Язык старика неутомимо раскапывал пропитанный кровью мусор прошлого, а Матвей слушал и боялся спокойствия, с которым старик говорил.

Кончив, солдат потыкал пальцем в пятно смолы на колене штанов, поглядел искоса на мальчика и пояснил:

- Ежели с людьми действовать ласково - их можно одолеть, при всей их глупости. А отец твой - он тоже вроде картошки: явилось вдруг неизвестно что, и никому никакого уважения! У Сазана рожа разбойная, око тяжёлое, говорить он немощен, только рычит. Откуда люди, кто такие? Ни село, ни пало, а - ударило! Здешние мещане сами вор на воре. Тут лет двадцать назад такие грабежи были - ни проходу, ни проезду! На Шихане воровали, а на нас, слободских, доносили, мы-де воры-то! А ведь есть вор по охоте, есть и по нужде...

Странные рассказы Пушкаря наполняли душу мальчика тёмным хаосом. Он чувствовал себя подавленным бременем страшных сказок о порках, зуботычинах, о том, как людей забивали насмерть палками, как продавали их, точно скот. В ярких речах отца жизнь рисовалась подобной игре и сказке, в словах солдата она смотрела сурово, требовала терпения и покорности, - мальчик не мог примирить это явное противоречие. Он не ощущал ни жалости, ни сострадания к массе битых людей, но им овладевало утомляющее недоумение, оно превращалось в сонливость; мальчик забивался куда-нибудь в укромный уголок и там, безуспешно стараясь разобраться в своих впечатлениях, обыкновенно засыпал кошмарным сном. Однажды, за уроком, дьячок сказал ему:

- Видишь, как бойко и мелко научился ты писать? Хорошо! А ещё лучше было бы, буде ты, сшив себе тетрадь, усвоил привычку записывать всё, что найдёшь достойным сохранения в памяти. Сделай-ко это, и первое - приучишься к изложению мысли, а второе - украсишь одиночество твоё развлечением небесполезным. Человеческое - всегда любопытно, поучительно и должно быть сохраняемо для потомства.

Мальчик горячо схватился за эту мысль, попросил отца купить десть толстой бумаги, а дьячка - собственною его рукою написать на первом листе песню о Венус.

- Не годится! - сказал Коренев, гладя плечо ученика. - Это надо поставить серьёзно, надо так смотреть: всякое дело есть забава, и всякая забава дело есть. Сначала дадим записям будущим достойный титул.

Подумал и сказал:

- Пиши!

На первой странице Матвей тщательно вывел гусиным пером:

"Запись рассказов, песен и разных случаев из жизни города Окурова, Воргородской губернии, которые я, Матвей Кожемякин, слышал и видел с тринадцатилетнего возраста".
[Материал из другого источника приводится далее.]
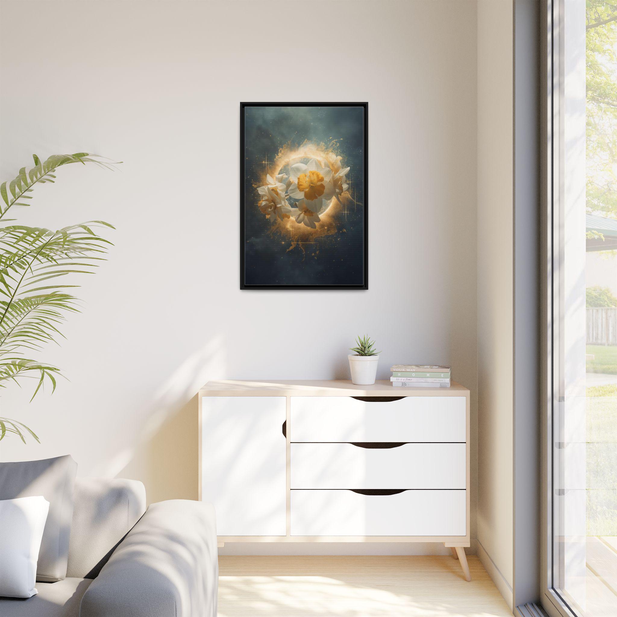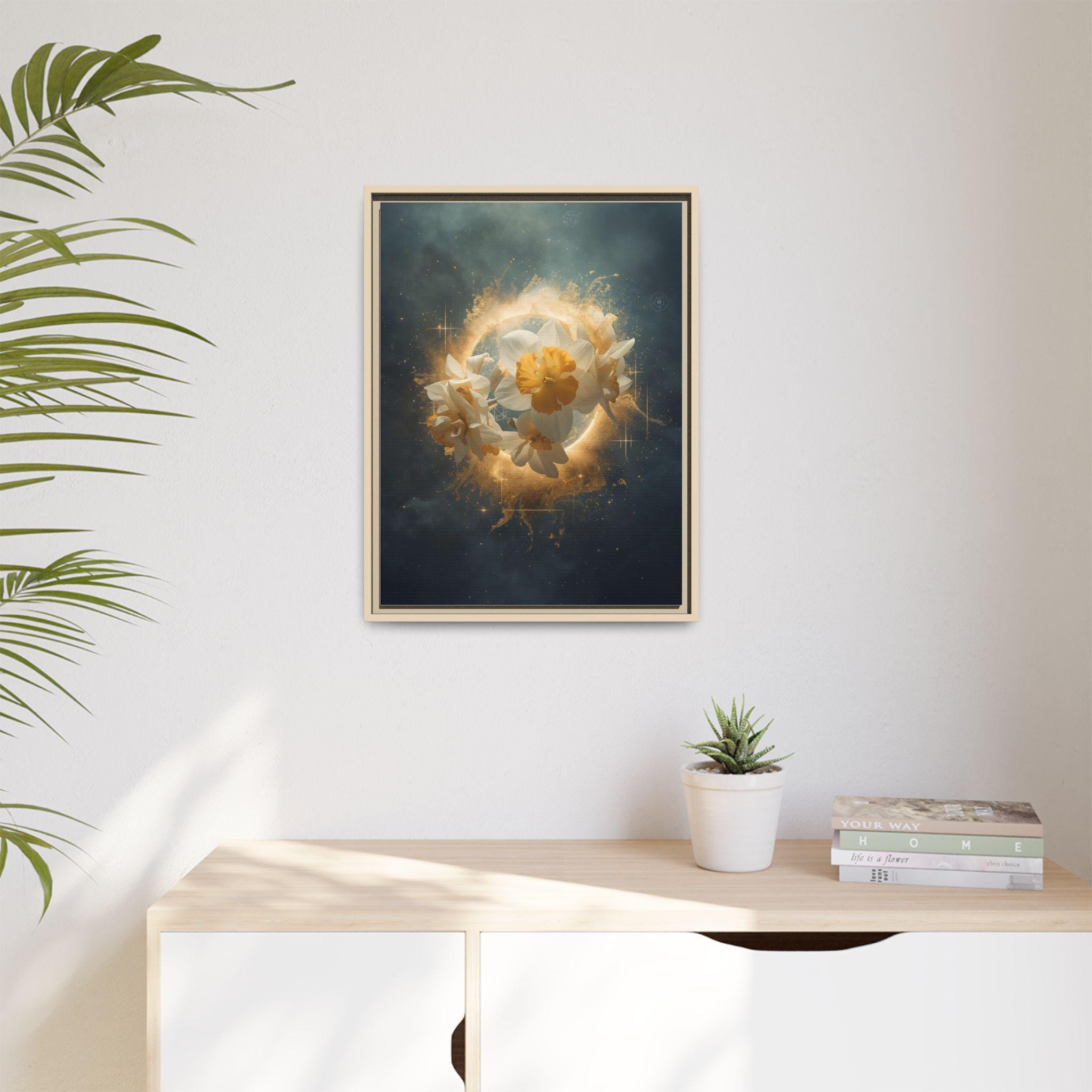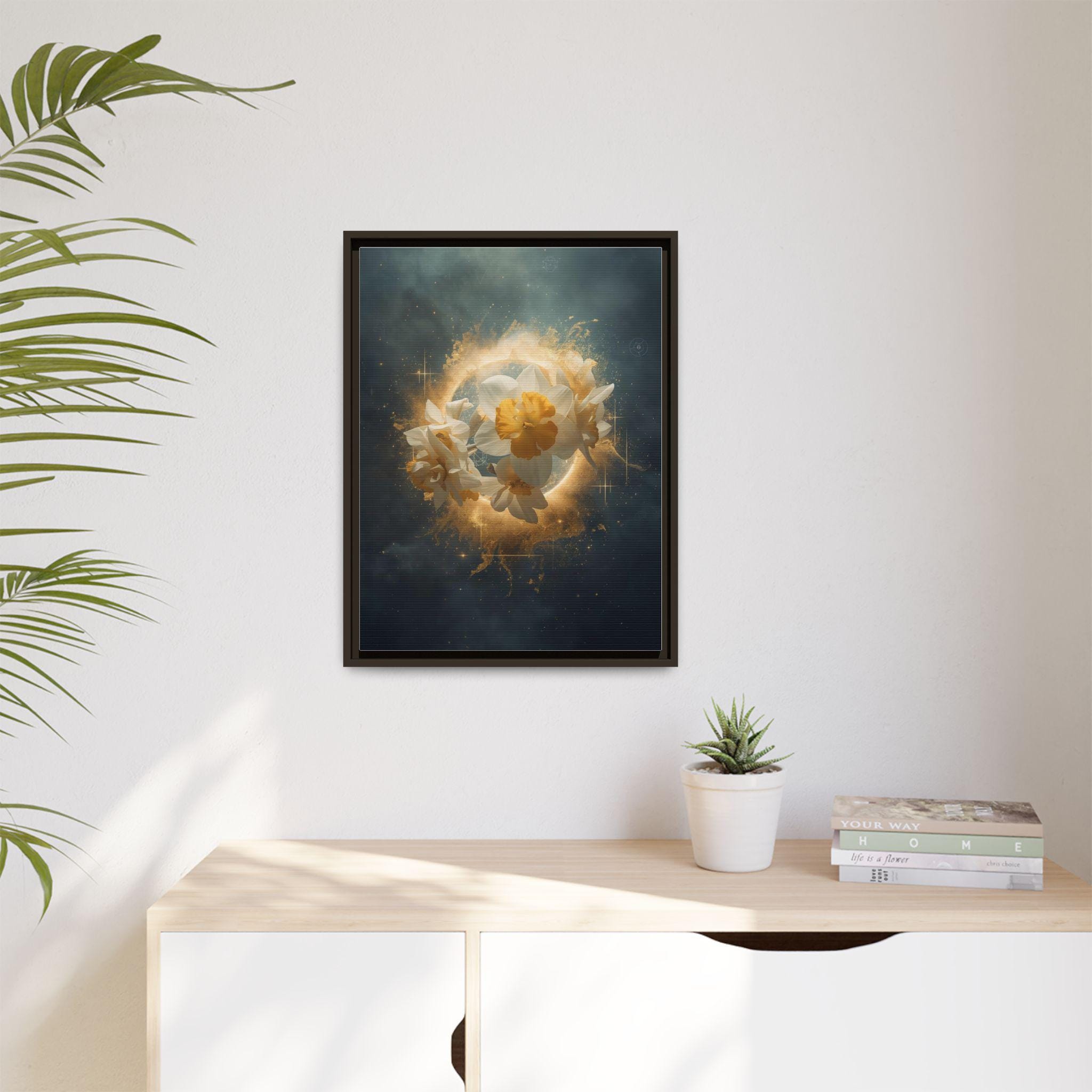Step into a world where nature meets the divine. The Cosmic Narcissus is not just a floral print; it is a surreal masterpiece from our Aura Prime Studio collection, designed to transform your space into a high-end sanctuary. Featuring ethereal Fulya (Narcissus) blooms emerging from a golden celestial halo, this artpiece symbolizes rebirth, mystery, and elegance.

- Теперь пиши: "Во имя отца и сына и святого духа". А исписав всю тетрадь, подпишешь: "Аминь!"

Он взял ученика пальцами за подбородок, приподнял его лицо и, глядя в глаза любовным и строгим взглядом матери, молвил:

- Аминь, сиречь - истина! Понимаешь? Теперь давай запишем несколько сентенций, направляющих ум.

Львиное лицо дьячка задумчиво нахмурилось, глаза ушли под лоб, он поднял палец, как бы грозя кому-то.

- Пиши здесь, с краешка, мелко:

"Не осуждаю, а - свидетельствую".

- Хорошо. Теперь - отступя книзу:

"Жизнь человека - скоропреходяща, деяния же его века жить достойны иногда".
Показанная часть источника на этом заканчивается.